Menu
I am working with a dataset that includes 16 questions where the response set is identical (Yes, No, Unknown or Missing). I am processing the data using R and I want to turn each of the variables into a factor. For a single variable, I could use the following construction:
df <- read.csv("thedata.csv")
df$q1 <- factor(x=df$q1,levels=c(-9,0,1),
labels=c("Unknown or Missing","No","Yes))
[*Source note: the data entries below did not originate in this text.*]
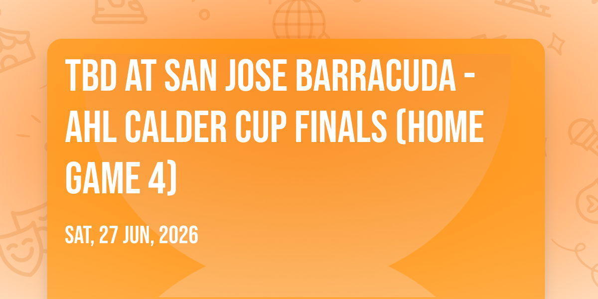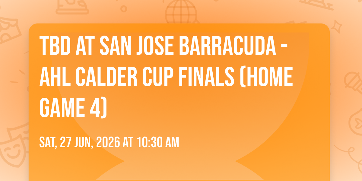 📍 Location: 37.3184, -121.863🎉 Welcome to TBD at San Jose Barracuda - AHL Calder Cup Finals (Home Game 4), where the impossible becomes possible and dreams take flight! 🏛️ Join us at Tech CU Arena in the heart of San Jose, CA for an event that will redefine your expectations. 📅 On June 27th, 2026 at 10:30 AM, witness the transformation of space and time into something truly magical. ✨ It's a curated experience combining the best of innovation, entertainment, and community spirit, creating moments that will be remembered for years to come. Whether you're a first-time visitor or a seasoned enthusiast, prepare to be amazed. 🎊 Book now to ensure your place in this unforgettable experience!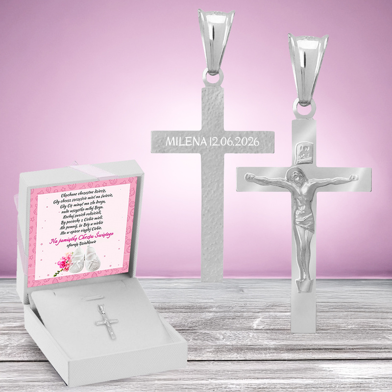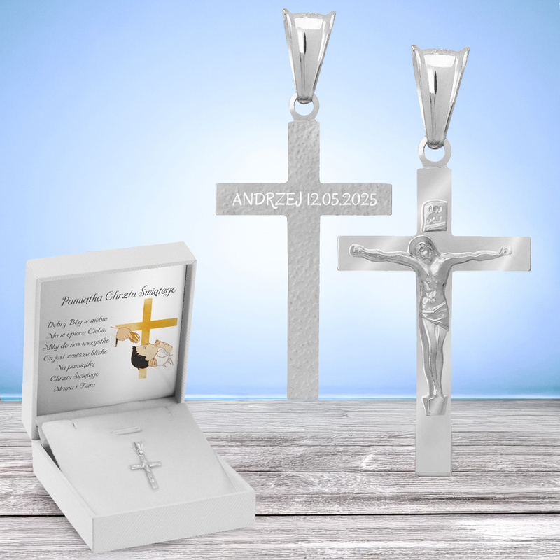 • grawerunek na rewersie krzyżyka np. krótkie imię i data, maksymalnie 20 znaków (łącznie ze spacjami)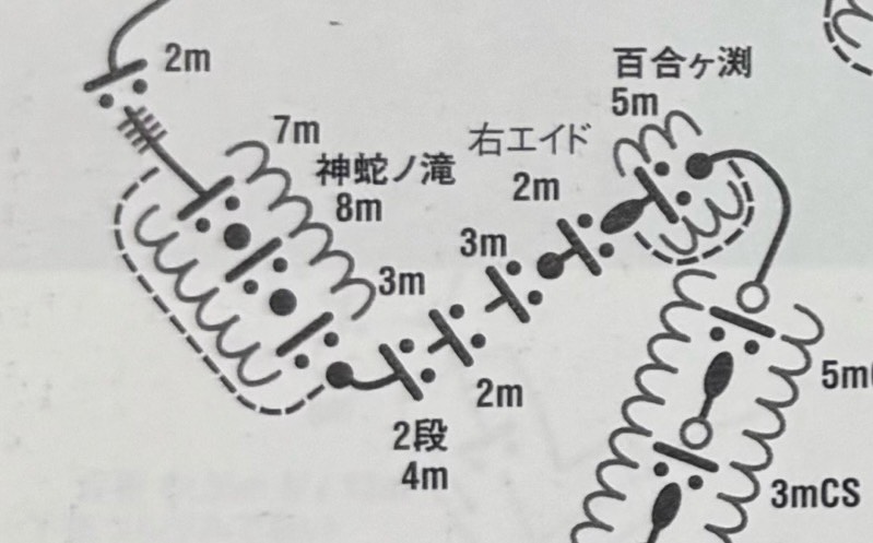 今回登った百合ヶ渕も神蛇ノ滝も巻いている。下山後調べると百合ヶ渕と神蛇ノ滝中段8mは巻いたが奥の7m滝を登攀しているパーティーの記録あり。奥の7m滝は我々も探ったが大きめのカムが必要で次回持ち越しとしていた。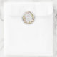 Élégante fête de mariage rustique : autocollant avec une couronne de coton d'aquarelle et des plumes de faisan sur un arrière - plan gris clair. Coordonnées avec le jeu de mariage rustique en coton.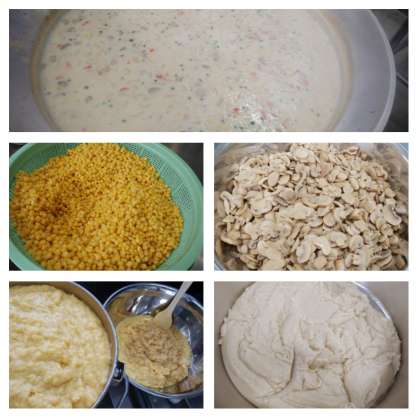 他には、鶏肉、じゃがいも、たまねぎ、にんじん、グリンピース、マッシュルーム、コーン、コーンクリーム缶などがはいっています。

I'd like to avoid typing that 16 times. I could do it with a for(), but I was wondering if there is a clearer, more R way to do it. Some sample data:
structure(list(q1 = c(0, 0, 0, -9, 0), q2 = c(0, 0, 1, 0, 0),
q3 = c(0, 0, 1, 0, 0), q4 = c(1, 1, 0, 0, 0),
q5 = c(0, 1, 1, 1, 1), q6 = c(1, 1, 1, 0, 0),
q7 = c(0, 0, 0, 1, 0), q8 = c(0, 0, 1, 1, 1),
q9 = c(1, 0, -9, 1, 0), q10 = c(1, 0, 0, 0, 0),
q11 = c(0, 1, 1, 0, 0), q12 = c(1, 1, 0, 0, 0),
q13 = c(1, -9, 1, 0, 0), q14 = c(0, 0, 0, 1, 1),
q15 = c(1, 0, 1, 1, 0), q16 = c(1, 1, 1, 1, 1)),
.Names = c("q1", "q2", "q3", "q4", "q5", "q6", "q7",
"q8", "q9", "q10", "q11", "q12", "q13",
"q14", "q15", "q16"),
row.names = c(NA, -5L), class = "data.frame")
526
In R, you can convert multiple numeric variables to factor using lapply function. The lapply function is a part of apply family of functions. They perform multiple iterations (loops) in R. In R, categorical variables need to be set as factor variables.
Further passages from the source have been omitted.